• Task to carry out:
Everything below from the line with "Продаётся 1-комн. квартира" through the line with "Ich suche nach" should be copied exactly, and nothing else; leave out the pictures.

• Data for analysis:

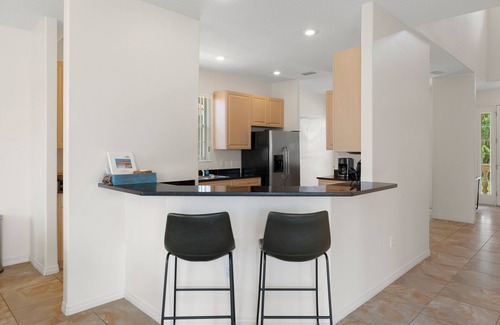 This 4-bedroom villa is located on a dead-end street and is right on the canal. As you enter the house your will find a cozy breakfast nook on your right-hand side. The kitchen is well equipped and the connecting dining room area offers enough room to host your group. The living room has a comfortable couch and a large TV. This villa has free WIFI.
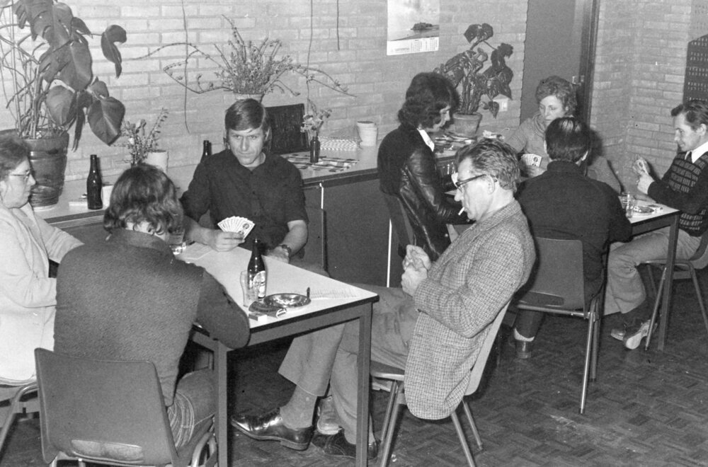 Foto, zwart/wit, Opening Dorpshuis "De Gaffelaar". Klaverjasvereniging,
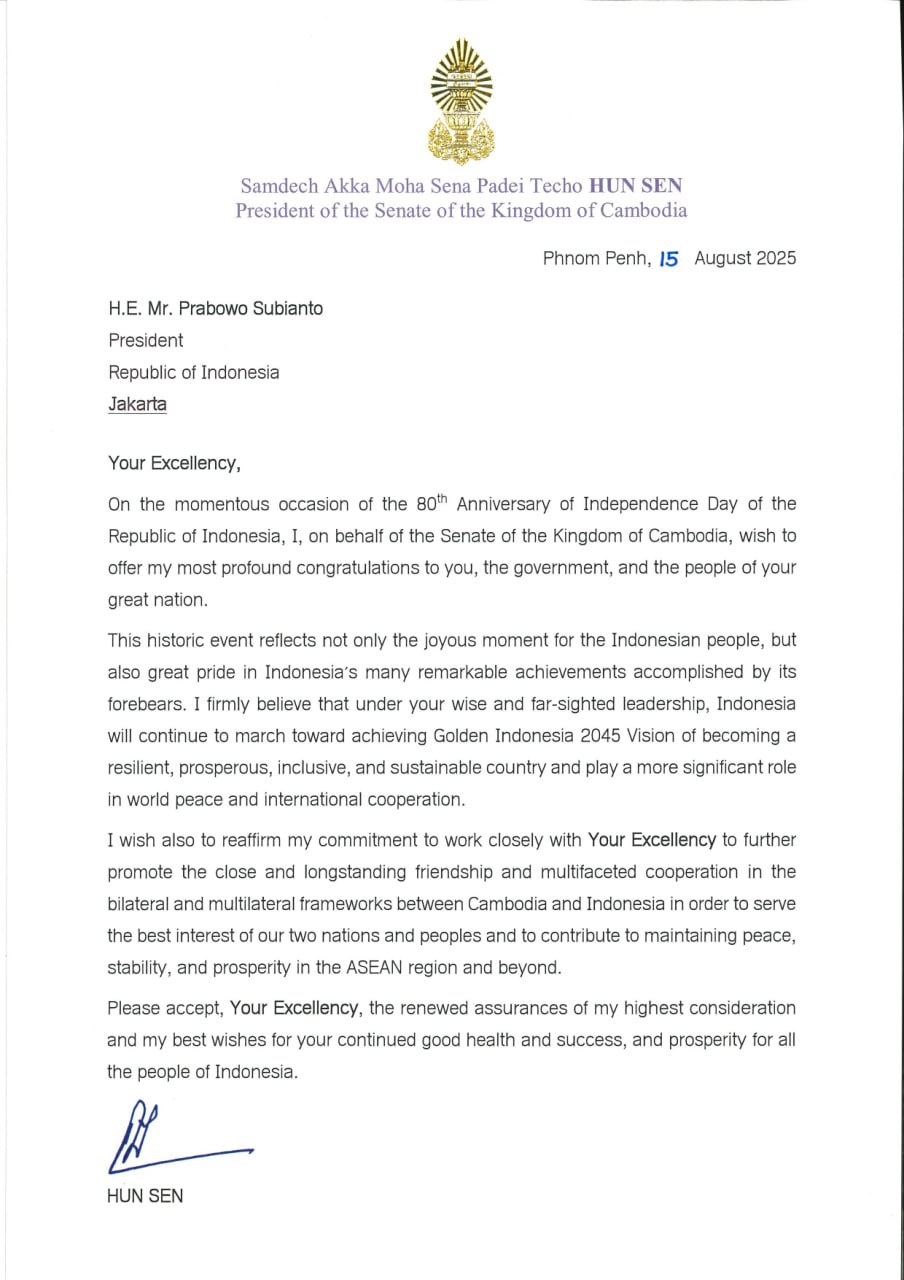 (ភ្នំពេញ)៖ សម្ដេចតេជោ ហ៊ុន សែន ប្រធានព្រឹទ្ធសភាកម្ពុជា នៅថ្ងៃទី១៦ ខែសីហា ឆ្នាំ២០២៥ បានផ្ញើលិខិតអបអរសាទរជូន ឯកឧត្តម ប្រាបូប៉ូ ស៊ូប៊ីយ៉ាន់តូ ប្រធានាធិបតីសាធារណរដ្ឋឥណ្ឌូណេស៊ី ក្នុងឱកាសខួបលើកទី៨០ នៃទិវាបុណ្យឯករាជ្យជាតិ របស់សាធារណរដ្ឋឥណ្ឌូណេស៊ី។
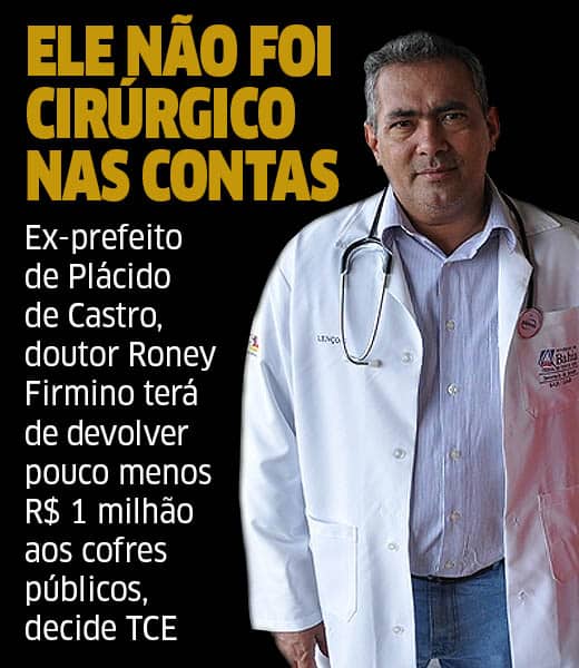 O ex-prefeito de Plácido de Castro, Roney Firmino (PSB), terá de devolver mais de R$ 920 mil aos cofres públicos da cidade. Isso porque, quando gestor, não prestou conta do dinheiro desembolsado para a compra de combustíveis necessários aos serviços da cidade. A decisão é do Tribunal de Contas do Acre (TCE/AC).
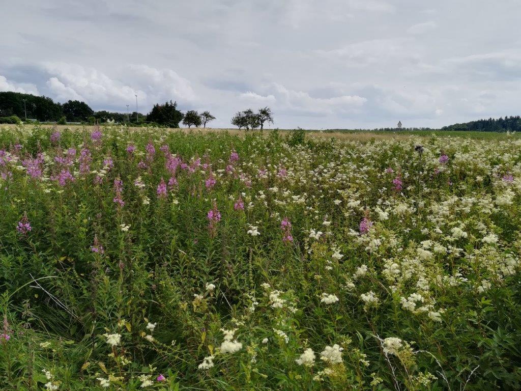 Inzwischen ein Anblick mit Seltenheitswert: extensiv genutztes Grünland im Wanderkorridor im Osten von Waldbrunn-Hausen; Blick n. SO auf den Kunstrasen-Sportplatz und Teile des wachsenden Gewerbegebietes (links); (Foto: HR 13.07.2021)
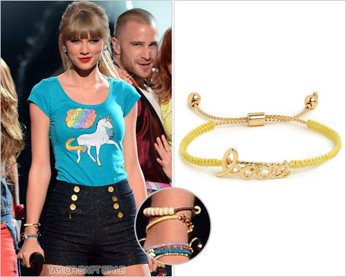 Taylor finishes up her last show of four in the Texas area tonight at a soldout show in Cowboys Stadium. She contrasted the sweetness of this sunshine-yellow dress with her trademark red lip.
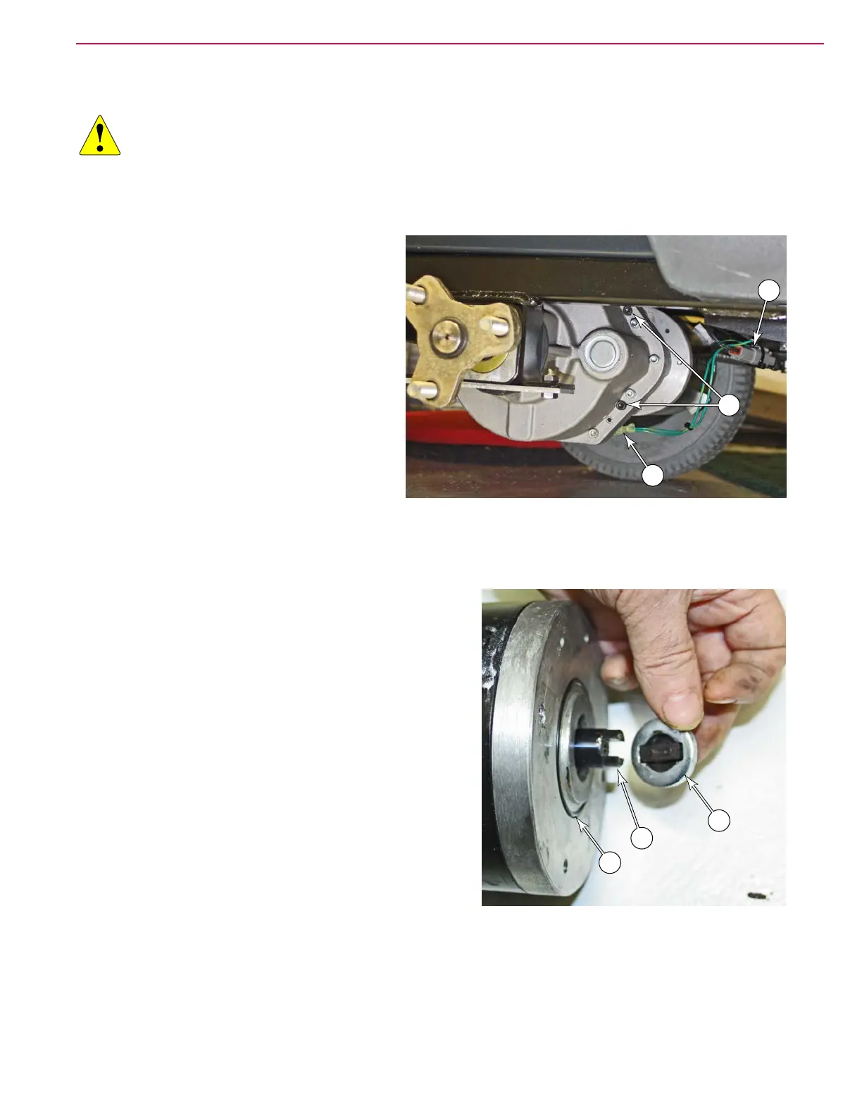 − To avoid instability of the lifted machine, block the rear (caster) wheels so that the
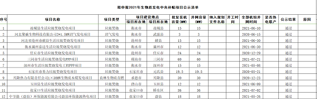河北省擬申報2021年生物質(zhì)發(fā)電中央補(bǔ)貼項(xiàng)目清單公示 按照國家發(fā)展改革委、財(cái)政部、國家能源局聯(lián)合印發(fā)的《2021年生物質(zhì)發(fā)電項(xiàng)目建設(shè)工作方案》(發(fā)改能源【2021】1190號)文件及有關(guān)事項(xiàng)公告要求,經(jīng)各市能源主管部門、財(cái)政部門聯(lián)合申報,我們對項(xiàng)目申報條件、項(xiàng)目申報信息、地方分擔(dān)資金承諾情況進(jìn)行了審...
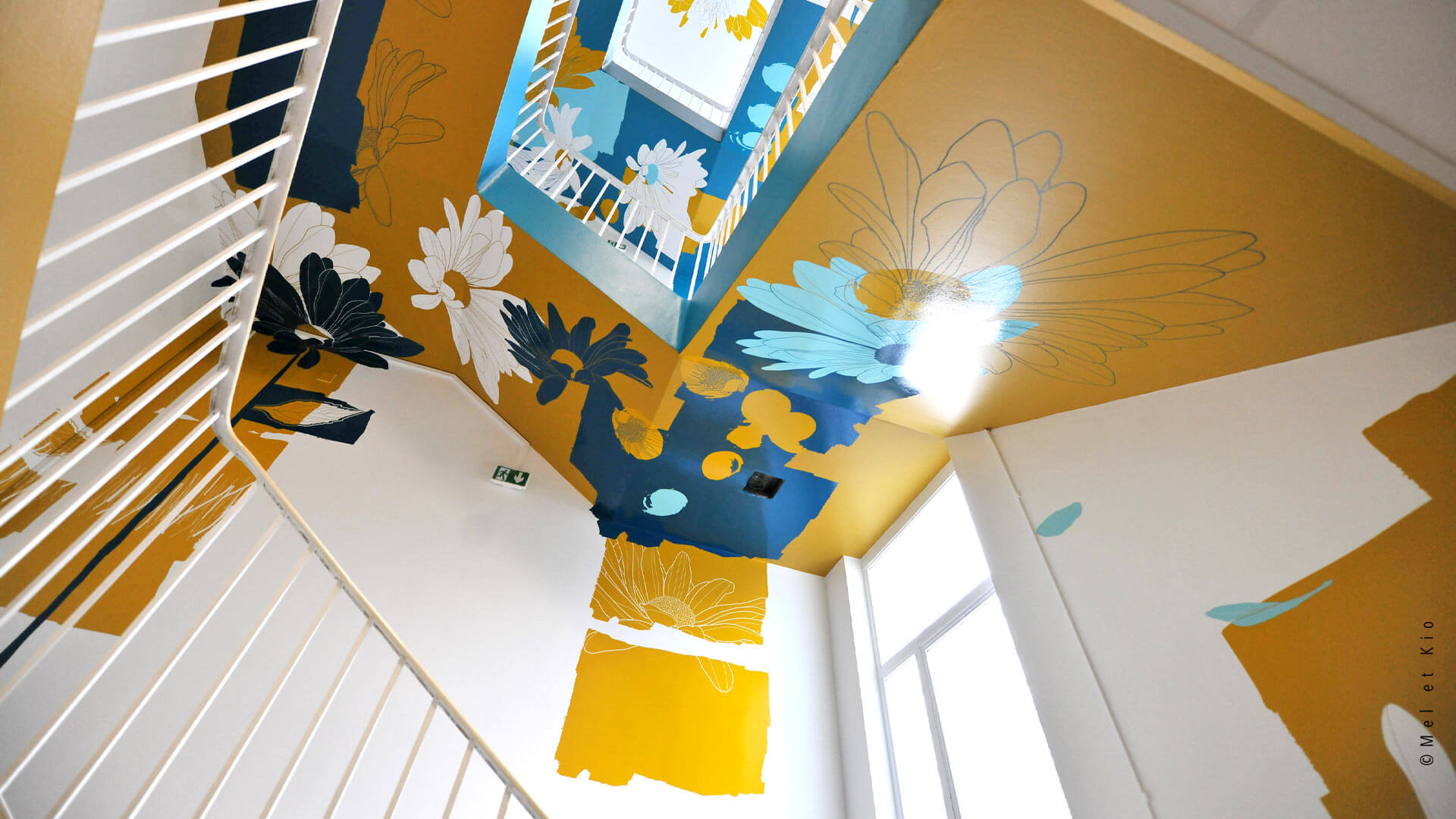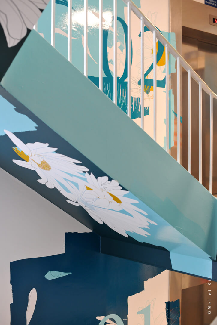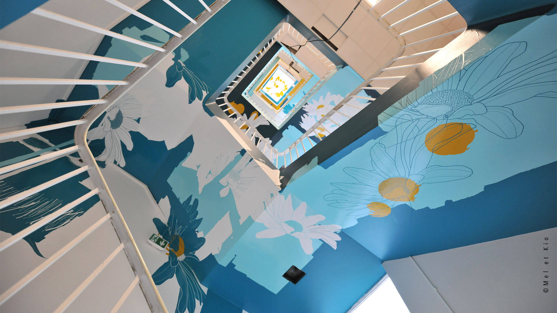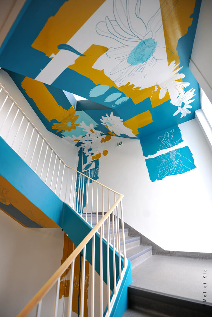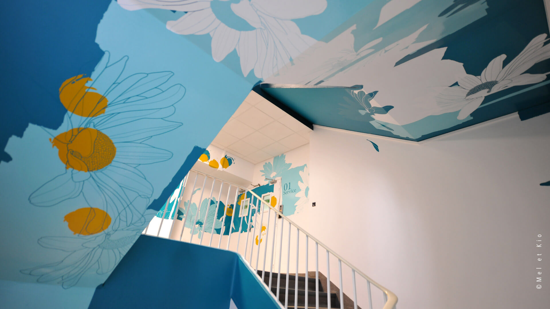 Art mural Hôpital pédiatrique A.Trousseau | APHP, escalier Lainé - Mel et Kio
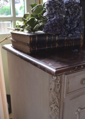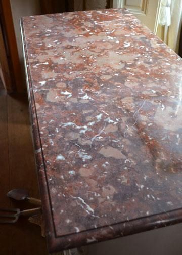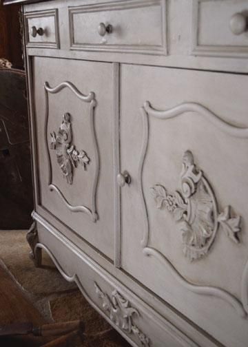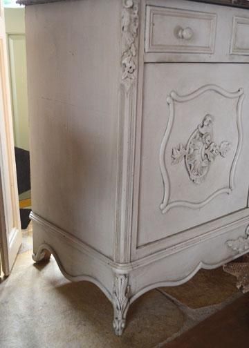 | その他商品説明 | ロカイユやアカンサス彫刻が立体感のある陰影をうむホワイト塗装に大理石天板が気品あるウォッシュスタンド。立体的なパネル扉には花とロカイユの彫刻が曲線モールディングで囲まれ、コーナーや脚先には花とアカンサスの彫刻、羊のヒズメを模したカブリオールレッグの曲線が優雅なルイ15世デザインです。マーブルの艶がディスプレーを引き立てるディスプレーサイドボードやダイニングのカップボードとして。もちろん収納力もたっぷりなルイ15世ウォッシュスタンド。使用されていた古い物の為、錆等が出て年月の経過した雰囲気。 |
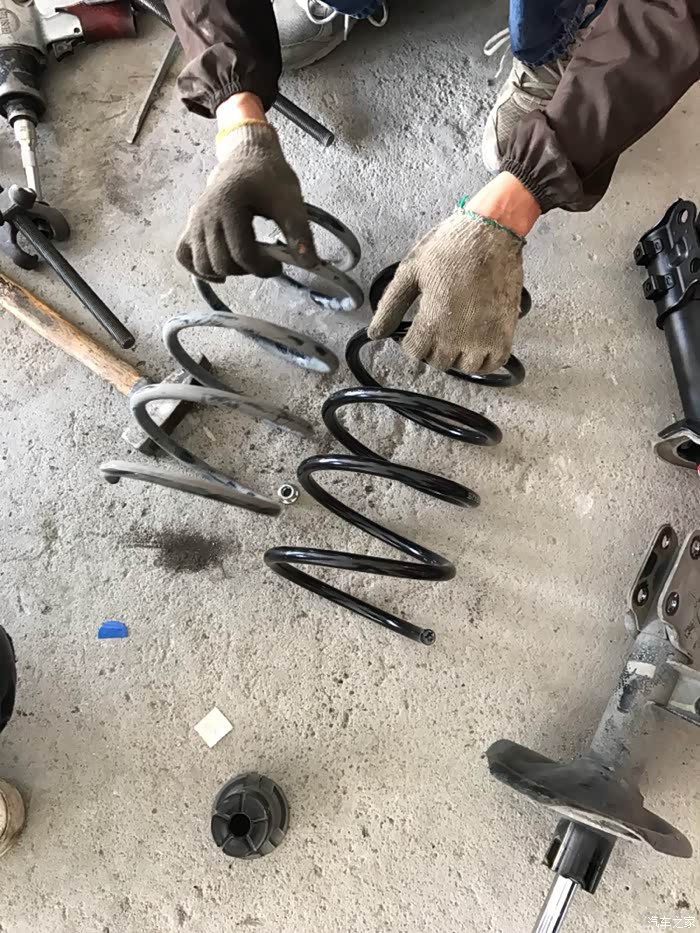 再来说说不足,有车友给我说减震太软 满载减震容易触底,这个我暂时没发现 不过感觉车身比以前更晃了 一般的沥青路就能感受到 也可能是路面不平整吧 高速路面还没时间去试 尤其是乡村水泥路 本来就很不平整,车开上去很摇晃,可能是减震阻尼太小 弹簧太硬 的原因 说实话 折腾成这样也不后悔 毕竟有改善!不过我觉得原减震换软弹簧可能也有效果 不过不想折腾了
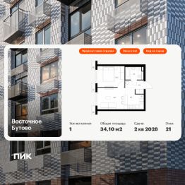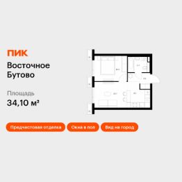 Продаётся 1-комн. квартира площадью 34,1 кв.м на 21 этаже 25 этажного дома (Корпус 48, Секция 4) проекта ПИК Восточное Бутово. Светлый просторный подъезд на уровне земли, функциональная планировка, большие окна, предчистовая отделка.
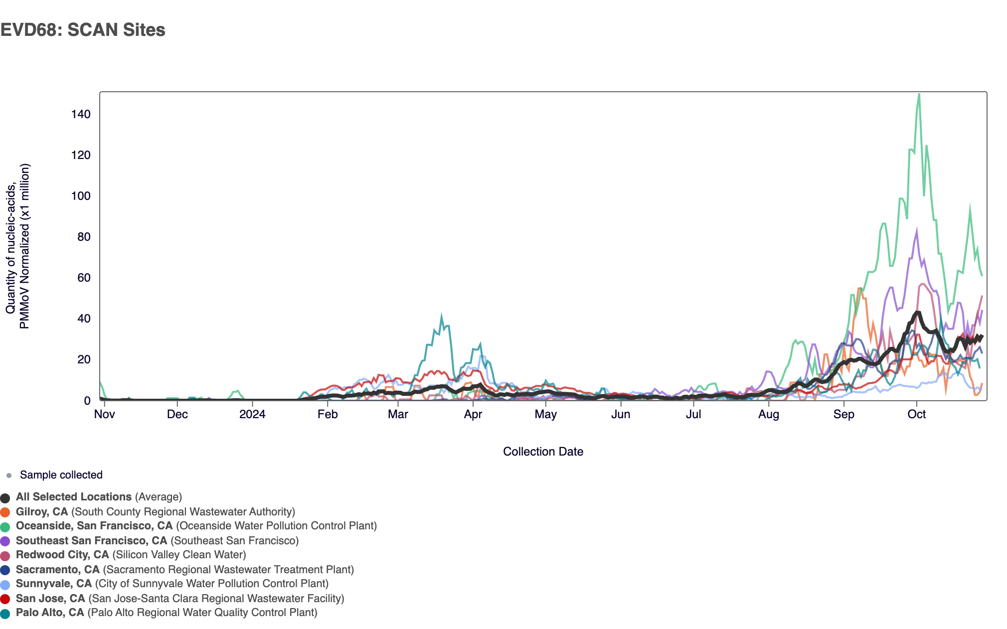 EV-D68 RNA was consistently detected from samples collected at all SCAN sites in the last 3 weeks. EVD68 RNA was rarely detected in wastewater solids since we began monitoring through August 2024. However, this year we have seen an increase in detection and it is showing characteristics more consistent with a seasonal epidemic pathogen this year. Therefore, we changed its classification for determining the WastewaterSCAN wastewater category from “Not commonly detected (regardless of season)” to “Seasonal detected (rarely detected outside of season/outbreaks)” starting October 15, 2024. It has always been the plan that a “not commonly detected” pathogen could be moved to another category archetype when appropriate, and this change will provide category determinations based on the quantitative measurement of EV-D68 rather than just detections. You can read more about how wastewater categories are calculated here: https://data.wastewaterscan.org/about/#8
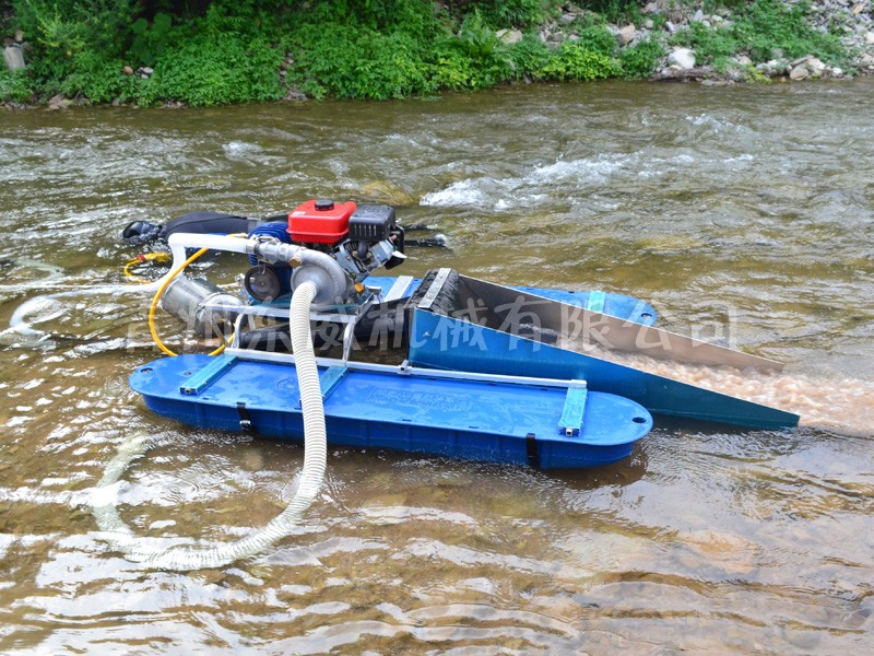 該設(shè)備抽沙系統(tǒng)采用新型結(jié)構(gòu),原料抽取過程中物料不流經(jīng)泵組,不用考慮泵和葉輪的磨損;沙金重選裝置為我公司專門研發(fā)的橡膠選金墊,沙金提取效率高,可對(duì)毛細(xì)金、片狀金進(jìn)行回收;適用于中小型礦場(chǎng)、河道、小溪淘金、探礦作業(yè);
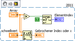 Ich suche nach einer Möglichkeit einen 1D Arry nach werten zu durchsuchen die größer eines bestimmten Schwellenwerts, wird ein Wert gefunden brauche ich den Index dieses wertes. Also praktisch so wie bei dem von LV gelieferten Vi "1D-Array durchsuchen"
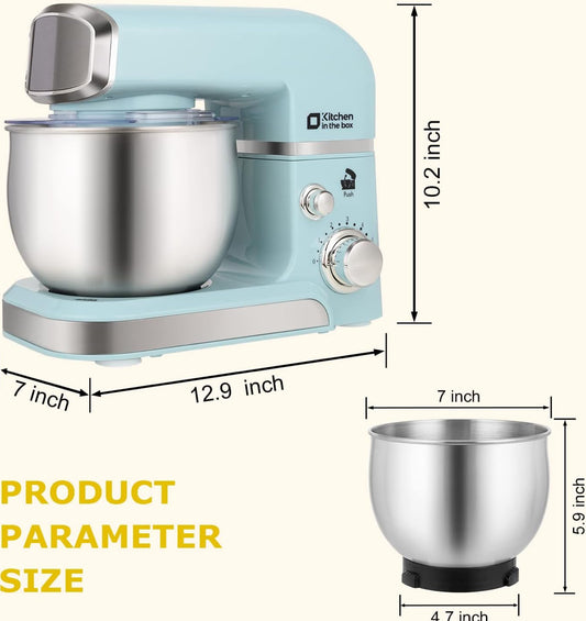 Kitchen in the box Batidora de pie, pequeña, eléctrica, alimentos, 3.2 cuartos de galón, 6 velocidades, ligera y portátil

• Problem solution:
 Продаётся 1-комн. квартира площадью 34,1 кв.м на 21 этаже 25 этажного дома (Корпус 48, Секция 4) проекта ПИК Восточное Бутово. Светлый просторный подъезд на уровне земли, функциональная планировка, большие окна, предчистовая отделка.
 EV-D68 RNA was consistently detected from samples collected at all SCAN sites in the last 3 weeks. EVD68 RNA was rarely detected in wastewater solids since we began monitoring through August 2024. However, this year we have seen an increase in detection and it is showing characteristics more consistent with a seasonal epidemic pathogen this year. Therefore, we changed its classification for determining the WastewaterSCAN wastewater category from “Not commonly detected (regardless of season)” to “Seasonal detected (rarely detected outside of season/outbreaks)” starting October 15, 2024. It has always been the plan that a “not commonly detected” pathogen could be moved to another category archetype when appropriate, and this change will provide category determinations based on the quantitative measurement of EV-D68 rather than just detections. You can read more about how wastewater categories are calculated here: https://data.wastewaterscan.org/about/#8
 該設(shè)備抽沙系統(tǒng)采用新型結(jié)構(gòu),原料抽取過程中物料不流經(jīng)泵組,不用考慮泵和葉輪的磨損;沙金重選裝置為我公司專門研發(fā)的橡膠選金墊,沙金提取效率高,可對(duì)毛細(xì)金、片狀金進(jìn)行回收;適用于中小型礦場(chǎng)、河道、小溪淘金、探礦作業(yè);
 Ich suche nach einer Möglichkeit einen 1D Arry nach werten zu durchsuchen die größer eines bestimmten Schwellenwerts, wird ein Wert gefunden brauche ich den Index dieses wertes. Also praktisch so wie bei dem von LV gelieferten Vi "1D-Array durchsuchen"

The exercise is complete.